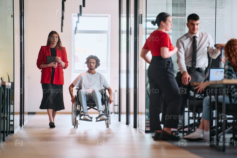 Руководитель бизнеса со своим коллегой, афроамериканским бизнесменом, который является инвалидом, проходят мимо своих коллег, работающих в современных офисах
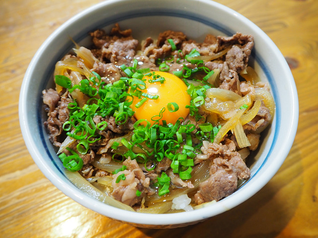 牛丼作りました。安い牛肉だったので少し硬いかな。噛めば噛むほど味が出てくるが・・・(笑)
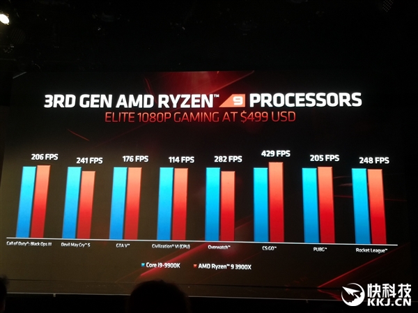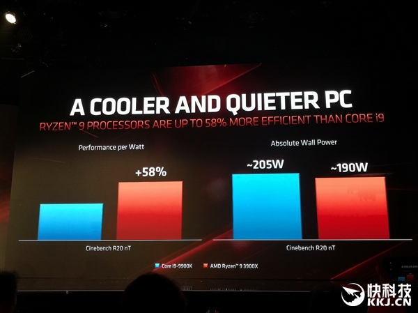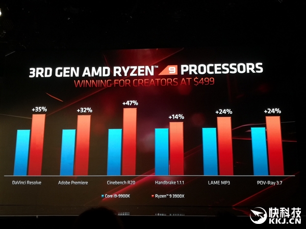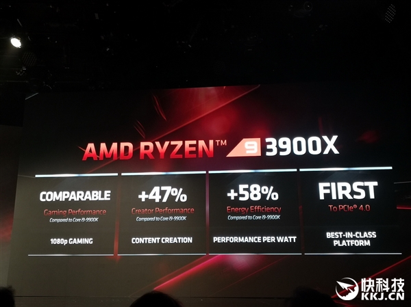 AMD第三代锐龙台式机处理器来了,阵容强大,从低端的6核心12线程锐龙5 3600到高端的12核心24线程锐龙9 3900X再到顶级的16核心32线程锐龙9 3950X,规格上已经完全压制Intel第九代酷睿,后者最多才8核心16线程,工艺上更是面临14nm VS. 7nm的代差。 三代锐龙的确切性能,要到7月7日上市后才能有具体的评测数据,这里我们不妨先来看看AMD官方给出的数据,对比下来真的让Intel很难受。 16核心的锐龙9 3950X要到9月份才会第二批上市,暂时也没有具体性能数据,我们就从12核心的锐龙9 3900X开始,还有8核心16线程的锐龙7 3800X/3700X,6核心12线程的锐龙5 3600X/3600。 之前两代,AMD总是强调自己的多核心多线程优势,而到了第三代,锐龙的单核心单线程劣势终于不复存在。 即便是目前最低端的锐龙5 3600,对比上代旗舰锐龙7 2700X,在基础和加速频率都低100MHz的情况下,CineBench R20单核心得分反而还要高大约9%,到了锐龙9 3900X更是可以领先多达21%。 锐龙9 3900X的对手是酷睿i9-9900K,二者价格都是499美元。 AMD宣称,锐龙9 3900X在游戏性能上与酷睿i9-9900K基本持平、不分上下,但是凭借更多核心线程与足够高的频率,从渲染到计算等日常、办公、娱乐应用性能比对手可高出少则14%、低则47%。 单说CineBench R20多线程性能的话,锐龙9 3900X的每瓦性能也就是能效可领先58%,因为跑分超出47%,功耗也低7%。 你可能会问:玩游戏需要12核心吗?如果只是玩游戏当然不需要,但很多玩家玩游戏的同时,还会录制、直播或者同时执行其他任务,这时候更多核心的优势就体现出来,比如一边游戏一边以高码率直播,锐龙9 3900X能保证让观众看到59FPS这样的流畅帧率,i9-9900K则还不到2FPS,直接卡成幻灯片。 锐龙9 3800X的对手是酷睿i7-9700K,价格399美元对385美元,游戏性能相当,应用性能领先9-37%,功耗虽然略高9W,但是能效仍能超出最多30%。 |

» **Work to complete**: Your answer should be every line above, written out exactly, with no pictures.

» **Output**:
 Руководитель бизнеса со своим коллегой, афроамериканским бизнесменом, который является инвалидом, проходят мимо своих коллег, работающих в современных офисах
 牛丼作りました。安い牛肉だったので少し硬いかな。噛めば噛むほど味が出てくるが・・・(笑)
 AMD第三代锐龙台式机处理器来了,阵容强大,从低端的6核心12线程锐龙5 3600到高端的12核心24线程锐龙9 3900X再到顶级的16核心32线程锐龙9 3950X,规格上已经完全压制Intel第九代酷睿,后者最多才8核心16线程,工艺上更是面临14nm VS. 7nm的代差。 三代锐龙的确切性能,要到7月7日上市后才能有具体的评测数据,这里我们不妨先来看看AMD官方给出的数据,对比下来真的让Intel很难受。 16核心的锐龙9 3950X要到9月份才会第二批上市,暂时也没有具体性能数据,我们就从12核心的锐龙9 3900X开始,还有8核心16线程的锐龙7 3800X/3700X,6核心12线程的锐龙5 3600X/3600。 之前两代,AMD总是强调自己的多核心多线程优势,而到了第三代,锐龙的单核心单线程劣势终于不复存在。 即便是目前最低端的锐龙5 3600,对比上代旗舰锐龙7 2700X,在基础和加速频率都低100MHz的情况下,CineBench R20单核心得分反而还要高大约9%,到了锐龙9 3900X更是可以领先多达21%。 锐龙9 3900X的对手是酷睿i9-9900K,二者价格都是499美元。 AMD宣称,锐龙9 3900X在游戏性能上与酷睿i9-9900K基本持平、不分上下,但是凭借更多核心线程与足够高的频率,从渲染到计算等日常、办公、娱乐应用性能比对手可高出少则14%、低则47%。 单说CineBench R20多线程性能的话,锐龙9 3900X的每瓦性能也就是能效可领先58%,因为跑分超出47%,功耗也低7%。 你可能会问:玩游戏需要12核心吗?如果只是玩游戏当然不需要,但很多玩家玩游戏的同时,还会录制、直播或者同时执行其他任务,这时候更多核心的优势就体现出来,比如一边游戏一边以高码率直播,锐龙9 3900X能保证让观众看到59FPS这样的流畅帧率,i9-9900K则还不到2FPS,直接卡成幻灯片。 锐龙9 3800X的对手是酷睿i7-9700K,价格399美元对385美元,游戏性能相当,应用性能领先9-37%,功耗虽然略高9W,但是能效仍能超出最多30%。 |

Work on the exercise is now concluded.